--- Assignment ---
Counting task for the data below: how many lines hold the word "guossis"? Answer with the number only.

--- Materials provided ---
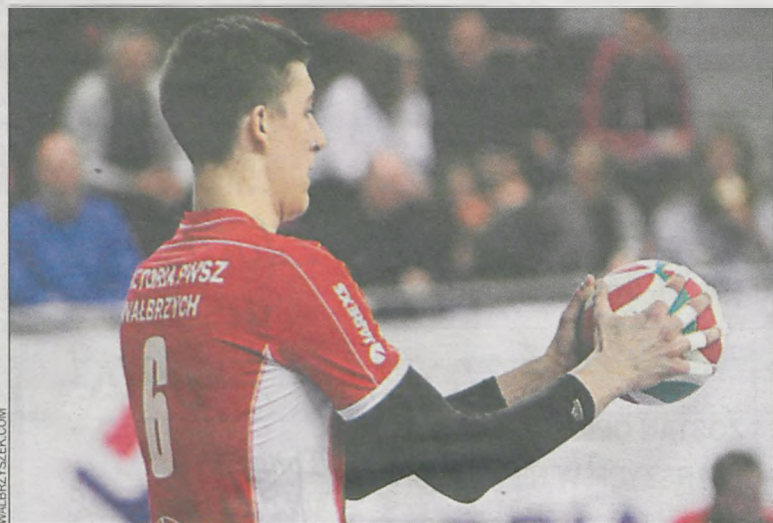
Jest jedynym zawodnikiem w kadrze na Ligę Europejską spoza klubów PlusLigi
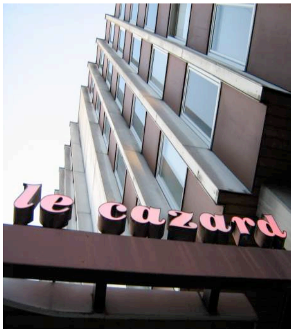
Foyer " Le Cazard " (1972)
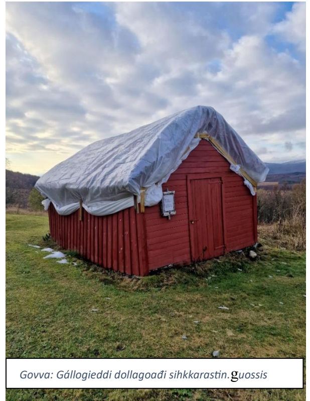
Govva: Gálgieddi dollagoađi sihkkarastin.guossis

Musea lea leahkán rabas geassemánu 1.beaivvi rájes gitta borgemánu 15.beaivái. Logi ofelačča leat leahkán virgáiduvvon ja sii leat bargan sihke Gálgietti ja Várdobáikki museas. Lea stabiila gussiidlohku. Museas lea leahkán mángga joavkku, sihke rávisolbmot ja mánát leat leahkán guossis geasseáigge.
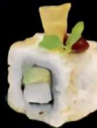
Tex Palo al horno, aguacate, Puyoyo, crujiente de lites y salsa chepalla 4x 6'00e
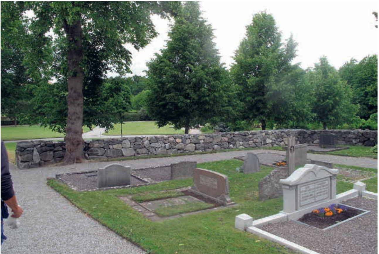
LP 201300588. Omlagda delen Kungsängen
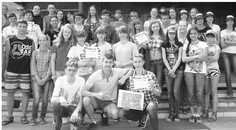
Пришкольный лагерь - это мы

Но мы упорно продолжали искать людей в желтом. Наконец-то мы встретились с ними и получили задание: назвать 10 овощей и столько же фруктов за 30 секунд. Увы! В отведенное время сделать это не
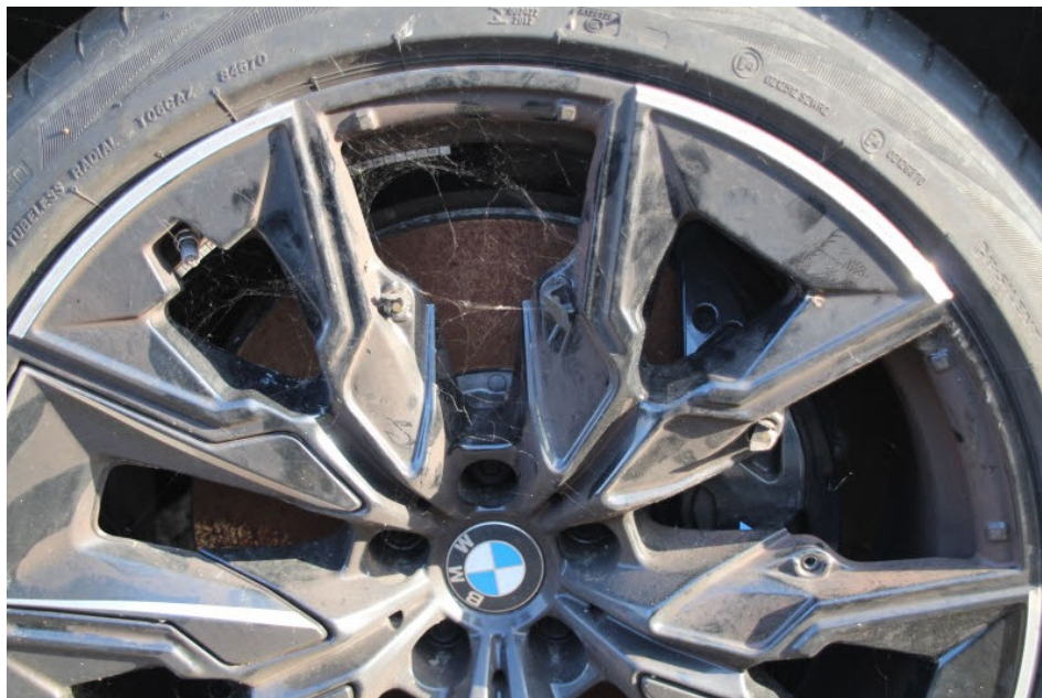
Bild 13 Speichenabdeckungen vorn links gebrochen.
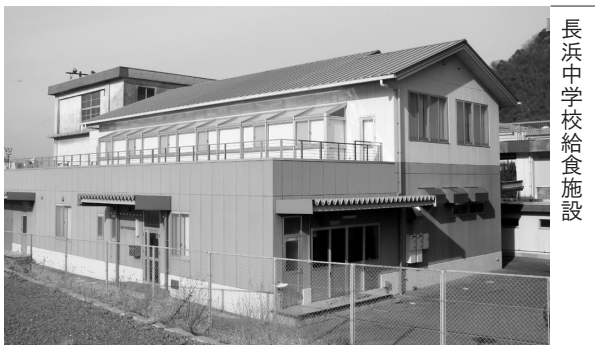
長浜中学校給食施設

PFI手法の検討の中でも献立の作成や食材の調達、検収などは現在のセンターと同様に市が実施することとしており、すべてを民間事業者にゆだねるものではありません。

--- Task answer ---
2